Forty-two Republican senators filed an amicus brief this week in the case of Noel Canning Div. of Noel Corp. v. NLRB, D.C. Cir., No. 12-1115, arguing that the Board lacks a quorum because President Obama’s January 2012 recess appointments were invalid. Employer Noel Canning has petitioned the Court of Appeals to deny enforcement to a Board decision by a three-member panel. Among their arguments, the employer asserts that panel members Sharon Block and Terence F. Flynn were not confirmed by the Senate and that Congress was in session at the time of their purported recess appointments.

The Republican Senators’ amicus brief emphasizes the latter point — that Congress was in a pro forma session at the time the President announced the appointments, and thus they were unconstitutional:

The President’s January 4, 2012 recess appointments to the National Labor Relations Board deprived the Senate of two powers it does possess to protect a purported power the President does not. The Framers accorded the Senate broad authority to govern its own proceedings, including when and how to hold sessions. They also gave the Senate plenary power to reject appointments, deliberately withholding from the Executive unilateral authority to fill vacancies when the Senate is not in a period of “Recess” (aside from inferior officers Congress itself exempts). Like all checks and balances, the Senate’s ability to block appointments—coupled with its prerogative to remain in session and foreclose appointments altogether—means that another branch of government, here the Executive, cannot always wield power as it wishes. But that is precisely the point. As the Framers understood, the costs of requiring the Senate’s consent are outweighed by its benefits of preventing Executive abuses of the appointments power and ensuring its wise exercise.

The January 4 recess appointments eviscerated both of those Senate prerogatives….

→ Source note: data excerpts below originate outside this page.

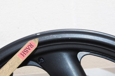 This front wheel rim has rash, minor rust bolts and shows normal signs of wear. Please view all photos closely for details. Thank you!
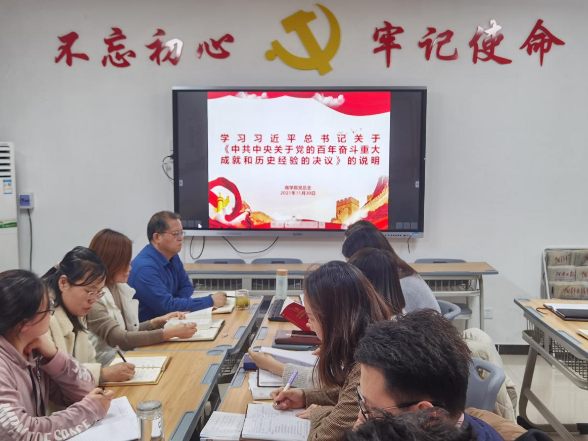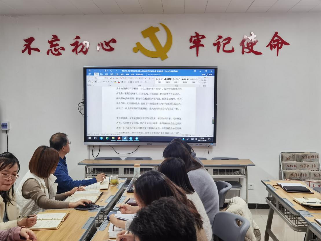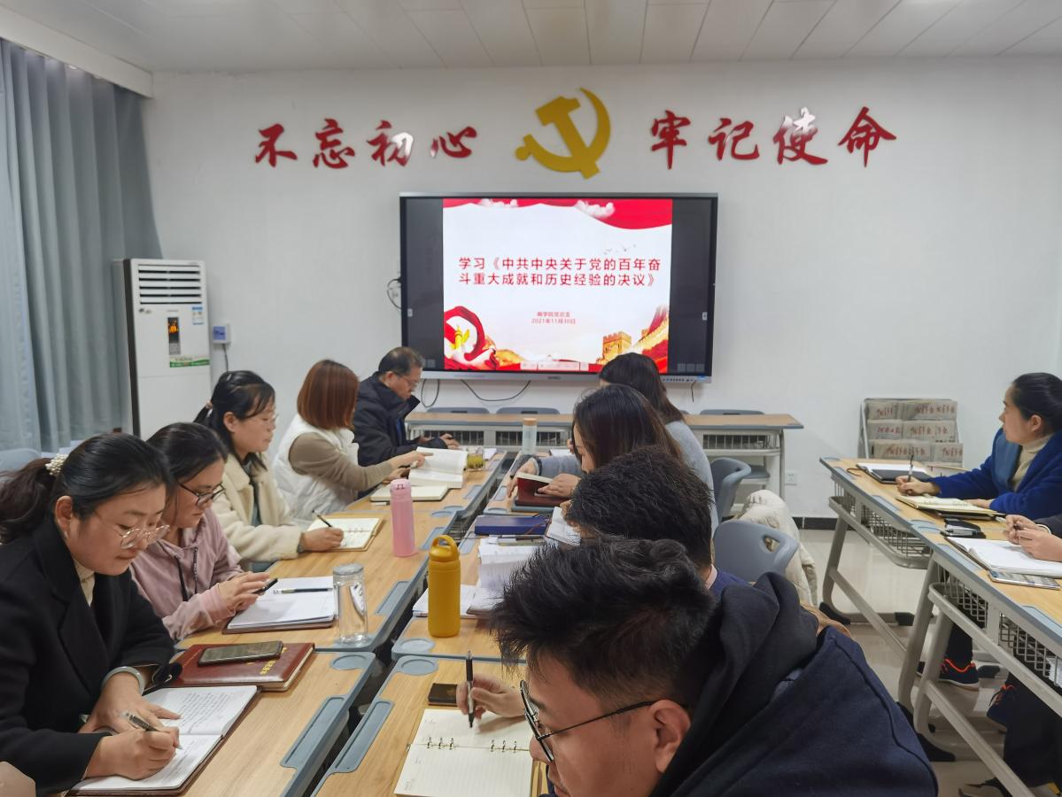 2021年11月30日,2026世界杯官网党总支组织召开全体教师学习中共中央关于党的百年奋斗重大成就和历史经验的决议及关于《中共中央关于党的百年奋斗重大成就和历史经验的决议》的说明政治学习会议,会议由2026世界杯官网党总支书记周燕主持。
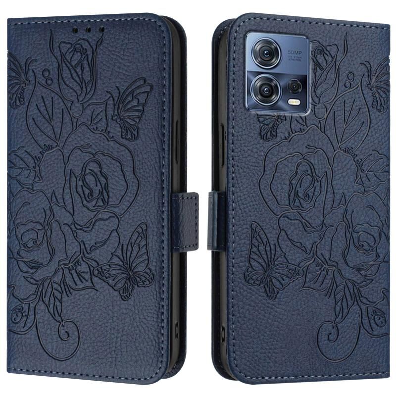 Για Motorola Moto G72 ανάγλυφο Rose RFID Anti-theft δερμάτινη θήκη τηλεφώνου (σκούρο μπλε)
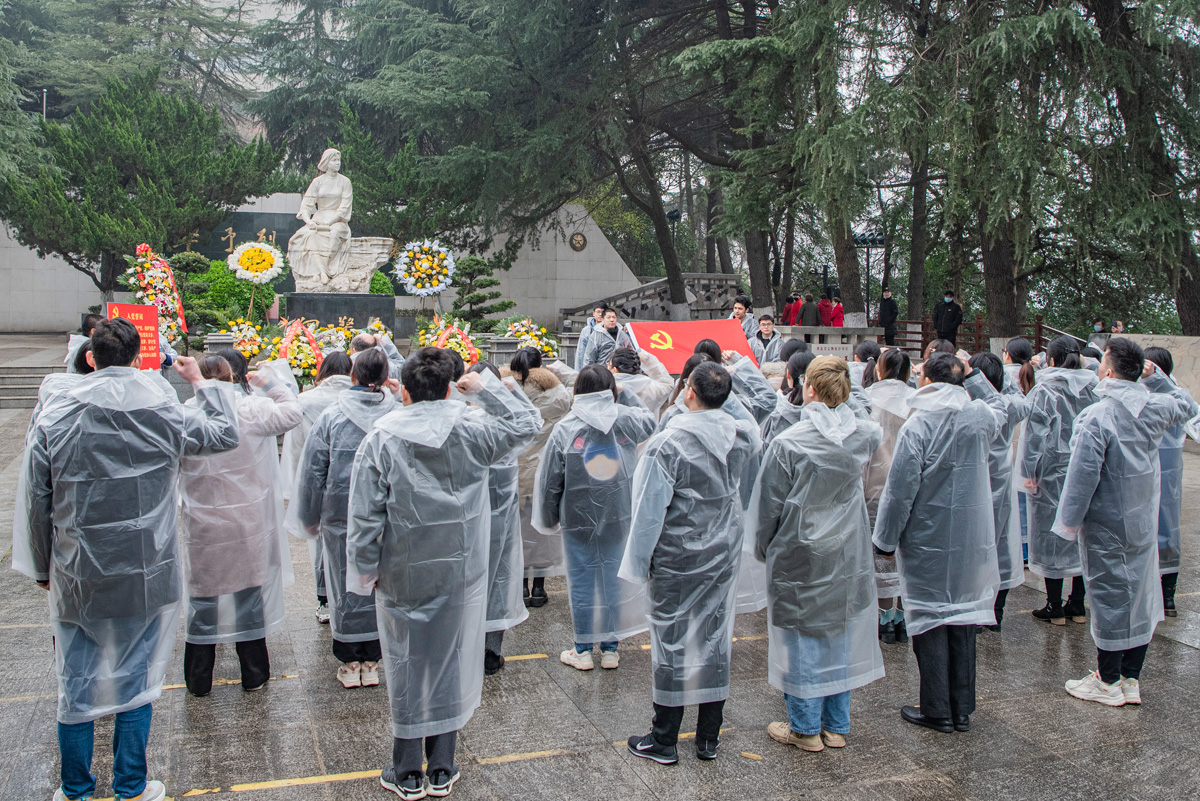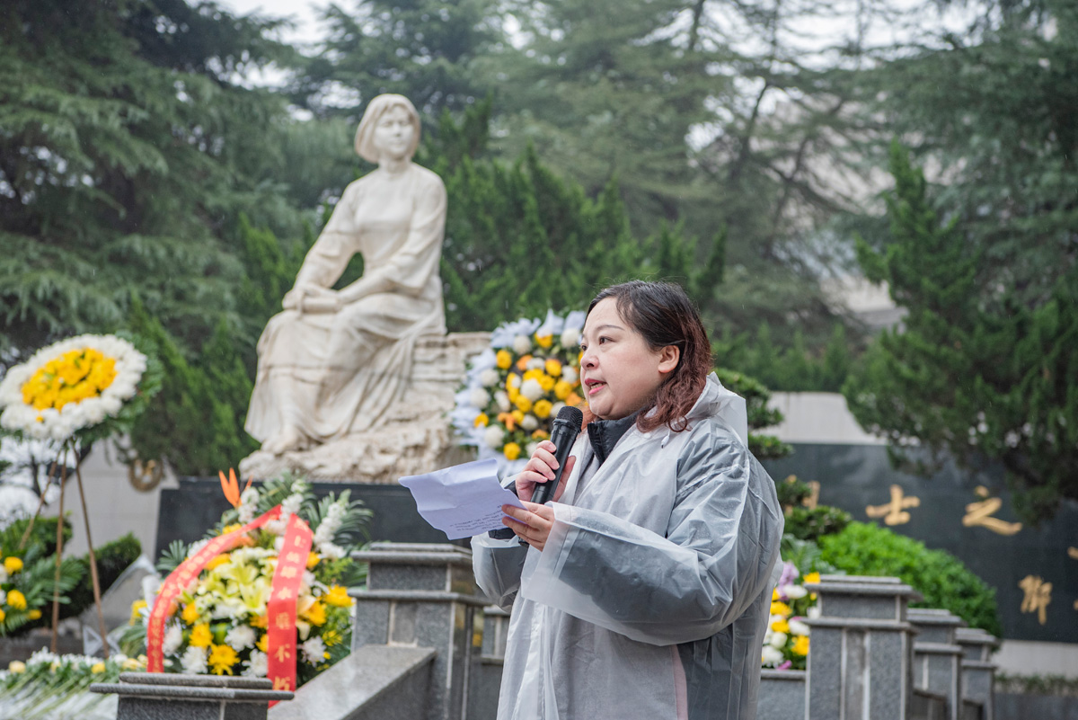 烟雨莽苍苍,鲜花祭英魂。上午10时,向巾帼烈士敬献花篮仪式正式开始。在所党委委员、中心党支部书记孙修炼和所妇委会主任、中心主任邓菲的带领下,全体人员手持清菊,面向向警予烈士纪念碑肃立,高唱国歌。随后,青年代表稳稳抬起花篮,缓缓走向向警予雕像,端正摆放于雕像基座上。孙修炼和邓菲走向雕像基座,在花篮前驻足凝视,仔细整理花篮缎带。全体人员深深三鞠躬,默哀一分钟,深切表达对烈士的怀念和崇敬之情。在烈士雕像前,面向党旗,孙修炼带领党员们重温入党誓词,“随时准备为党和人民牺牲一切”,激昂的声音在广场回荡,这是对烈士英魂的告慰,更是再一次作出自己对党的庄严承诺。
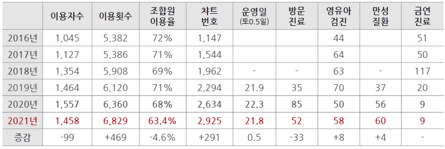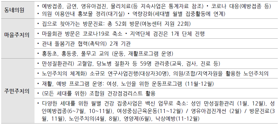 2021년에는) 코로나로 인해 다양한 사업을 시행하기 어려운 한해였습니다. 대면모임이 어려웠고, 3개월간 진행한 백신업무와 늘어난 진료로 추가적인 사업 실행이 어려웠습니다. 전반기는 월별계획활동이 비교적 잘 진행되었으나 후반기는 축소 운영하였습니다. 노인주치의 연구사업을 소규모로 진행했습니다. 의원과 조합의 활동, 지역사회자원을 활용하는 지역사회기반 노인주치의 기초 작업을 했습니다. 방문진료를 지속하였고, 11월부터는 운동프로그램도 다시 시작했습니다.
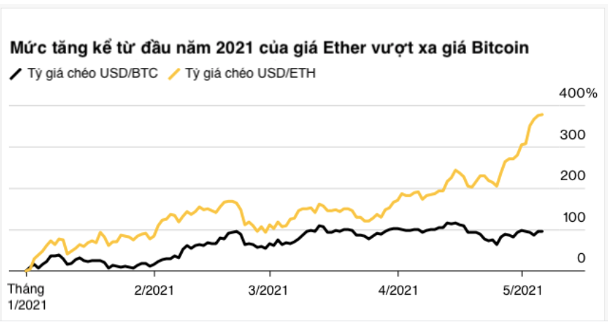 Giá Bitcoin tăng gần 100% kể từ đầu năm 2021 đến nay, trong khi giá Ether leo dốc gần 400%.Đầu tư vào Ether hay Bitcoin?
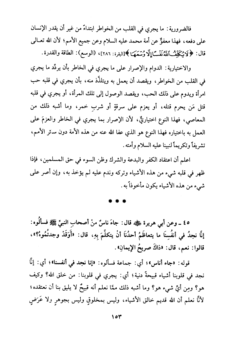 45 - وعن أبي هريرة - رضي الله عنه - قال: جاءَ ناسٌ منْ أصحابِ النبيِّ - صلى الله عليه وسلم - فسألُوه: إنَّا نجدُ في أنفُسِنَا ما يتعاظَمُ أحدُنَا أنْ يتكلَّمَ بِهِ، قال: "أَوَقَدْ وجدتُمُوهُ؟ "، قالوا: نعم، قال: "ذاكَ صريحُ الإِيمانِ".
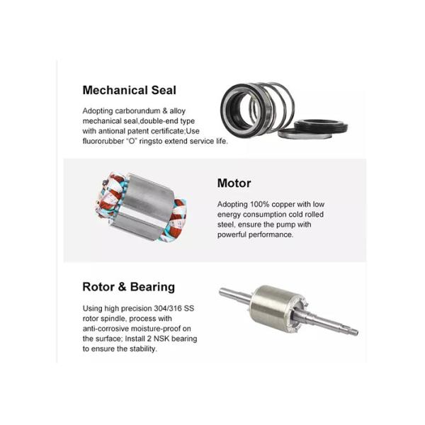 | Motor | Adopting 100% copper with low energy consumption cold rolled steel, ensure the pump with powerful performance |
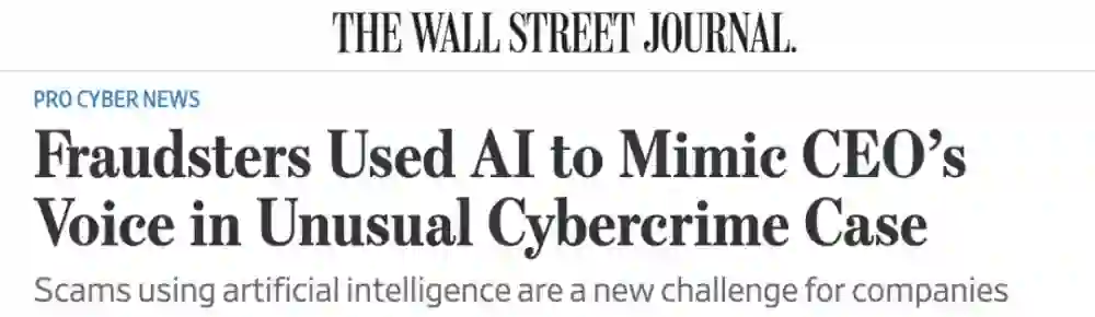 2019年,犯罪分子克隆了一家总部位于英国的能源公司CEO的声音,骗走了24万美元,原因就是这个假CEO在口音和语气上听起来都是十分真实的。这起事件是欧洲已知的第一起直接使用人工智能的网络犯罪。

At the same time, Speaker of the House Rep. John Boehner (R-OH) filed a separate brief challenging the appointments, highlighting that the House and Senate never agreed to a recess in the manner required by the Constitution.

Because the Supreme Court decided in its 2010 New Process Steel case that the Board requires three valid members for a quorum, a ruling that these appointments were illegitimate would invalidate most of the action taken by the Board this year. Earlier this year in Center for Social Change, Inc., 358 NLRB No. 24 (March 29, 2012), the Board itself rejected similar challenges.